### WORK REQUEST
Print the data exactly as written, but leave out each picture.

[Collected data]
----------

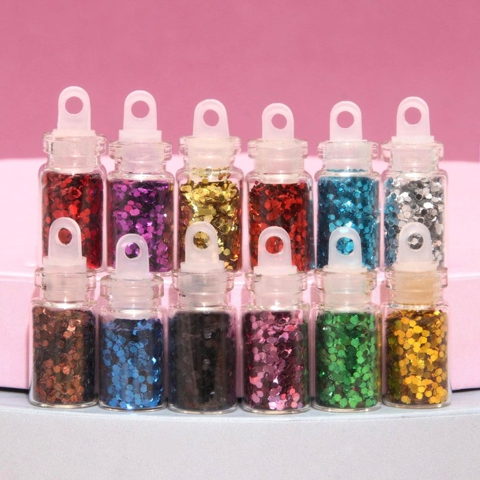 Блёстки для декора ногтей «Сияние», набор 12 бутылочек, средние, разноцветные
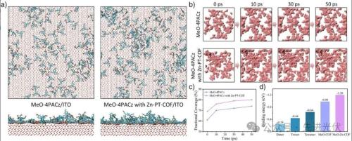 为了更好地理解MeO-4PACz与Zn-PT-COF之间的相互作用,我们使用分子动力学(MD)模拟,将它们混合在12 nm × 12 nm的ITO表面上进行研究。结果显示,在没有COFs的情况下,MeO-4PACz在ITO表面聚集,而在Zn-PT-COF的帮助下,MeO-4PACz的聚集显著减少,形成了更加均匀的单分子层。此外,MeO-4PACz在分子运动中会形成二聚体、三聚体和四聚体,导致钙钛矿界面出现缺陷。通过计算结合能,发现COFs与MeO-4PACz的相互作用比MeO-4PACz的二聚体、三聚体和四聚体更强,表明COFs通过π-π相互作用和氢键有效抑制了MeO-4PACz的聚集,促进了均匀SAM层的形成。
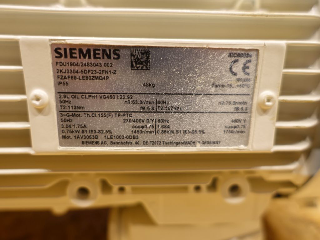 Unused drivework for an agitator in a tank. Motor: 0,75 kW - 1,75 A - n1: 1450 rpm - i: 22,92 - n2: 63,3 rpm.
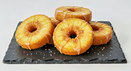 Homemade Apple Fritters Drizzled with Sweet Glaze on Elegant Slate Tray Studio Lighting
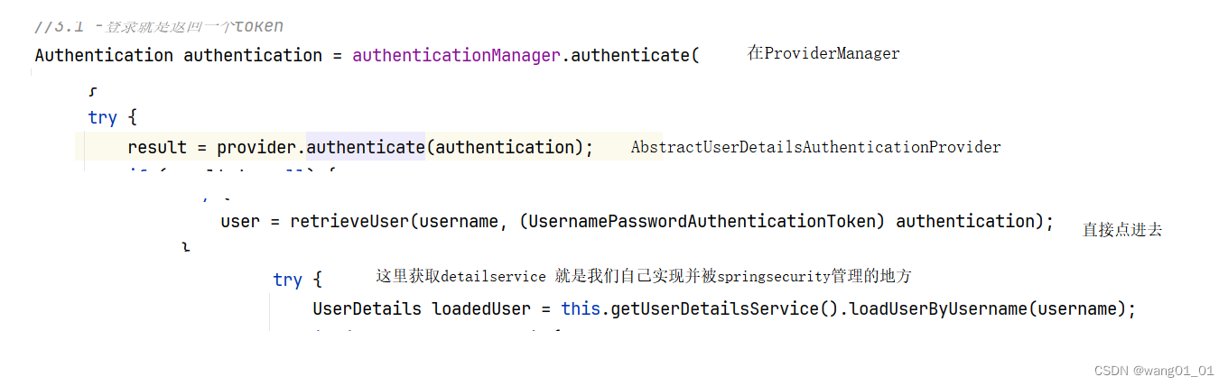 authenticationManager.authenticate() 传入我们的用户名密码,然后springsecurity就会帮我们往下进行验证
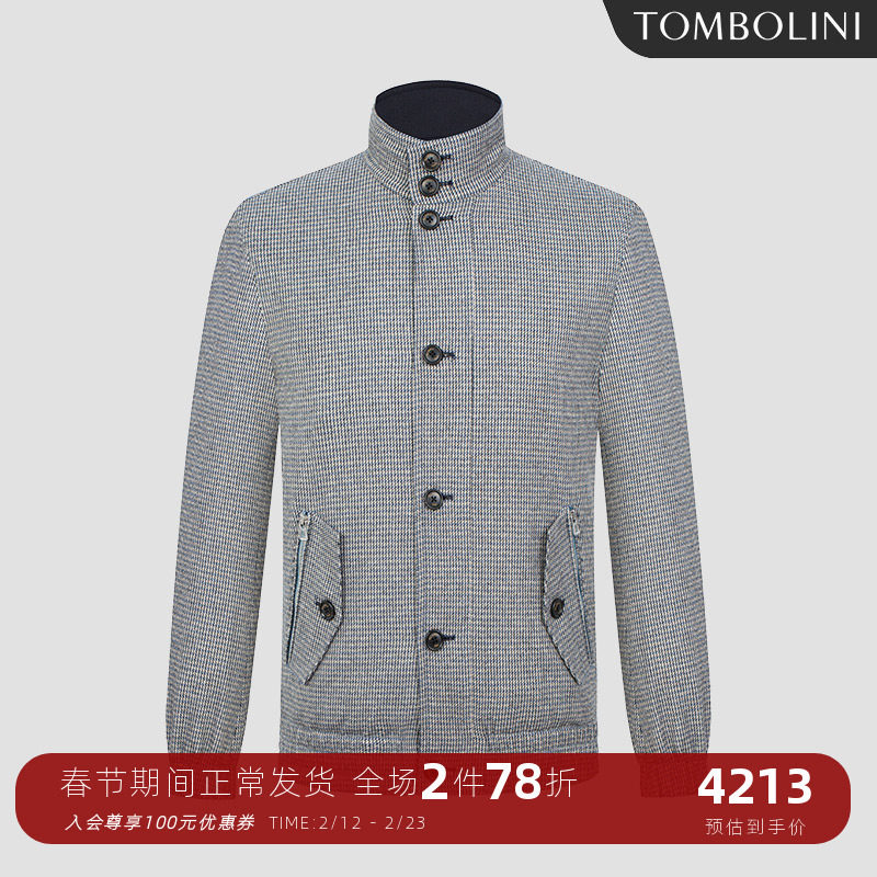 TOMBOLINI/东博利尼秋季新款拼麂皮夹克男士复古时尚休闲格子外套
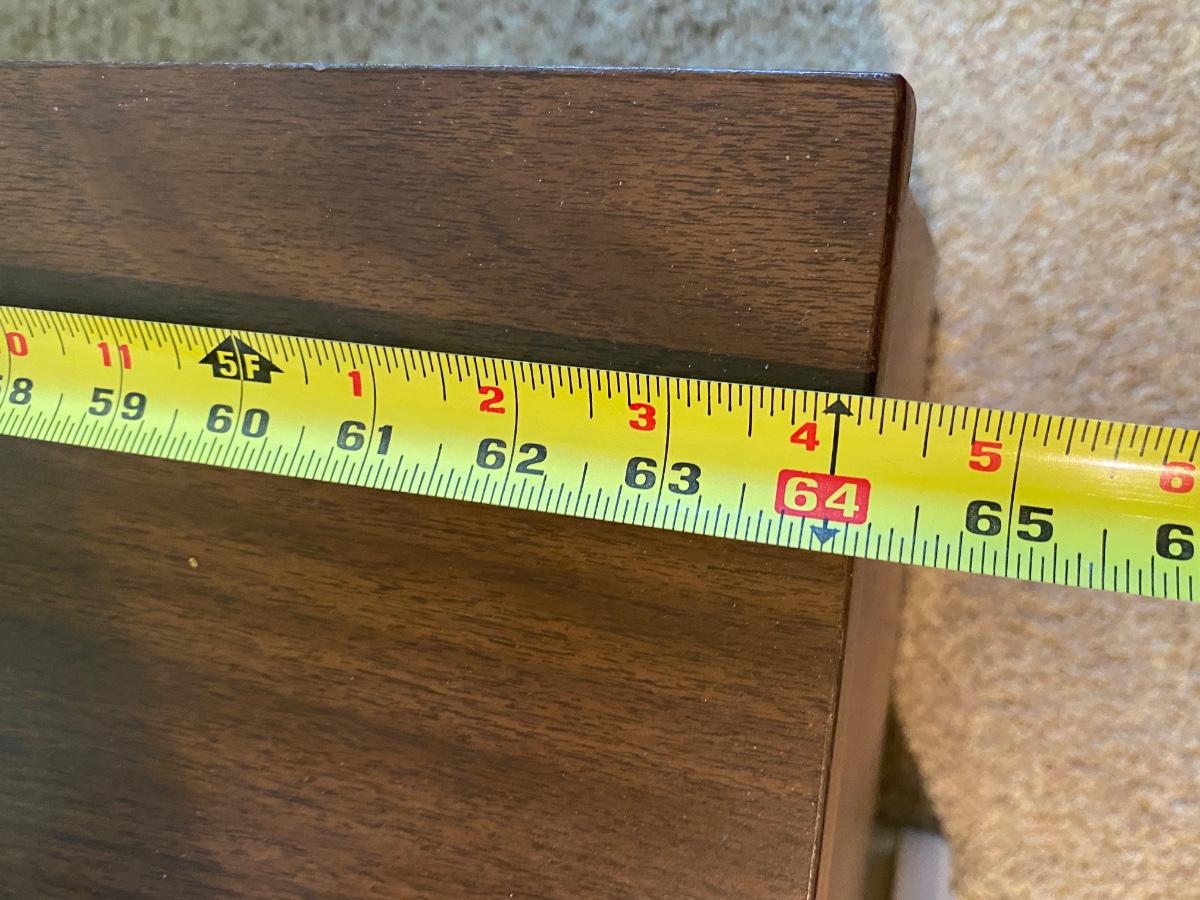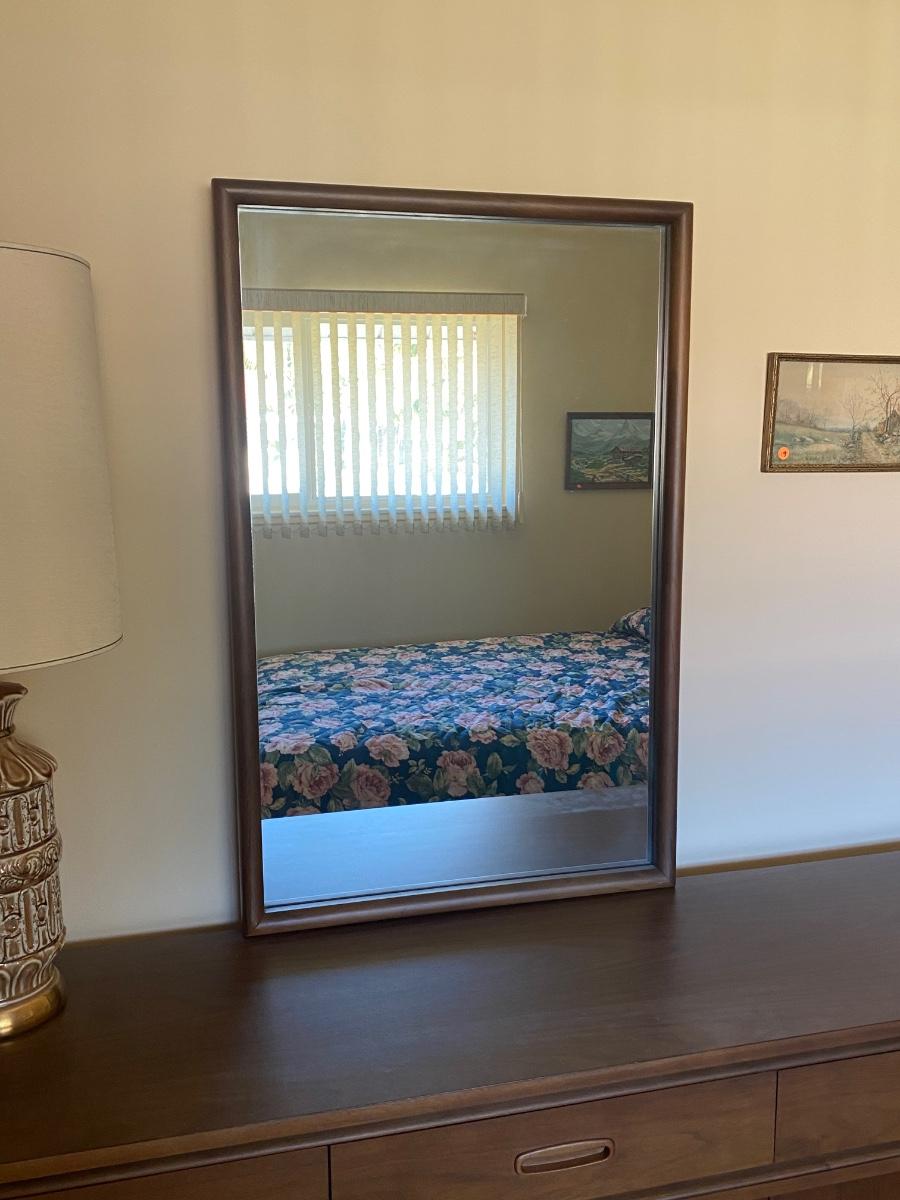 Very nice condition - see photos. Dresser is about 64" long, 18" deep and 30" tall. Mirror roughly 40"x26".
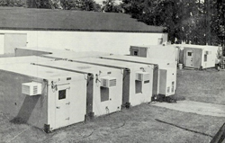 This was June and I found the weather to be HOT and DRY. Temperatures in the low 100s were not unusual in the early morning and 110 degree plus temperatures in the afternoon were common. The crew spent the next month putting the station together and making the equipment operational. The station consisted of 18 shelters, four 250 KW generators, two pallets, 3 mobilizers, and sets of mobilizer jacks. These shelters were commonly referred to as pinkies because of their color. The lightest pinky weighed about 6 tons and the heaviest tipped the scale at 12 tons.

----------

### EXERCISE SOLUTION
 Блёстки для декора ногтей «Сияние», набор 12 бутылочек, средние, разноцветные
 为了更好地理解MeO-4PACz与Zn-PT-COF之间的相互作用,我们使用分子动力学(MD)模拟,将它们混合在12 nm × 12 nm的ITO表面上进行研究。结果显示,在没有COFs的情况下,MeO-4PACz在ITO表面聚集,而在Zn-PT-COF的帮助下,MeO-4PACz的聚集显著减少,形成了更加均匀的单分子层。此外,MeO-4PACz在分子运动中会形成二聚体、三聚体和四聚体,导致钙钛矿界面出现缺陷。通过计算结合能,发现COFs与MeO-4PACz的相互作用比MeO-4PACz的二聚体、三聚体和四聚体更强,表明COFs通过π-π相互作用和氢键有效抑制了MeO-4PACz的聚集,促进了均匀SAM层的形成。
 Unused drivework for an agitator in a tank. Motor: 0,75 kW - 1,75 A - n1: 1450 rpm - i: 22,92 - n2: 63,3 rpm.
 Homemade Apple Fritters Drizzled with Sweet Glaze on Elegant Slate Tray Studio Lighting
 authenticationManager.authenticate() 传入我们的用户名密码,然后springsecurity就会帮我们往下进行验证
 TOMBOLINI/东博利尼秋季新款拼麂皮夹克男士复古时尚休闲格子外套
 Very nice condition - see photos. Dresser is about 64" long, 18" deep and 30" tall. Mirror roughly 40"x26".
 This was June and I found the weather to be HOT and DRY. Temperatures in the low 100s were not unusual in the early morning and 110 degree plus temperatures in the afternoon were common. The crew spent the next month putting the station together and making the equipment operational. The station consisted of 18 shelters, four 250 KW generators, two pallets, 3 mobilizers, and sets of mobilizer jacks. These shelters were commonly referred to as pinkies because of their color. The lightest pinky weighed about 6 tons and the heaviest tipped the scale at 12 tons.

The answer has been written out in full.